The online magazine on the history and operation of vintage scale model trains in American OO gauge

Saturday, March 31, 2018

Passenger Cars from the West Coast Lines by James Trout

A group of cars I look at periodically are ones received a couple years ago that were built by James Trout. Trout was not only an American OO scale enthusiast but also a Disney illustrator and art school grad (more details in this article). He knew how to build.
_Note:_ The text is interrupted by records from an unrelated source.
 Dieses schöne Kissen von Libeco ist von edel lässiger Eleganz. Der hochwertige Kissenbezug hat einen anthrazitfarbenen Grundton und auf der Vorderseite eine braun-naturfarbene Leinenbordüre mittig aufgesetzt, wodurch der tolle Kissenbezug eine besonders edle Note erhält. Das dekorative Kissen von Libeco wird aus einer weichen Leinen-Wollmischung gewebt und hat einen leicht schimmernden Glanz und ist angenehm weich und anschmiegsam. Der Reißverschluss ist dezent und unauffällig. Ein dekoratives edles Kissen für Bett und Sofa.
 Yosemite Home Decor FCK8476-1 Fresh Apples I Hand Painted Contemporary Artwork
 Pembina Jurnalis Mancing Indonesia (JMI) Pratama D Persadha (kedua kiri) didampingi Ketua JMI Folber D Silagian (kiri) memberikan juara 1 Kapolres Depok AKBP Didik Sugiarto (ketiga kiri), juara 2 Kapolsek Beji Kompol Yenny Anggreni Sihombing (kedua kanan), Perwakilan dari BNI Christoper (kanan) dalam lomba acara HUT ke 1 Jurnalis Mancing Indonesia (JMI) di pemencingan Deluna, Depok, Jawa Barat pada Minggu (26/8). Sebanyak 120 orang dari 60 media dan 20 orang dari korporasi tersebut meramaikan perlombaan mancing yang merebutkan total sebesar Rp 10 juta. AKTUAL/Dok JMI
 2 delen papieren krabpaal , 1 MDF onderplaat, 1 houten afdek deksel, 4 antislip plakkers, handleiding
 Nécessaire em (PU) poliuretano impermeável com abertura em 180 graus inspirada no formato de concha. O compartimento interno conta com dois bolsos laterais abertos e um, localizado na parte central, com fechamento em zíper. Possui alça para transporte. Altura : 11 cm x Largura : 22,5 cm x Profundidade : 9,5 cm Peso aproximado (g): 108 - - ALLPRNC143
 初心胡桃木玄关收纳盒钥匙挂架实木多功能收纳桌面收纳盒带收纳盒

In working on organization these few weeks I had these out again and felt it time to do some work on them, fixing some minor problems. There are a total of nine passenger cars decorated for his road, the West Coast Southern. This is the road name seen on his freight cars, but he opted for the West Coast Lines name on the cars below, I think imitating Southern Pacific Lines passenger cars in this regard. I have had the first six of the cars below running on the layout, they make for a nice pair of short mail trains or a longer mail train. Basically he had at least the cars to make a real nice mail train and also something a bit higher level if you add some Pullmans.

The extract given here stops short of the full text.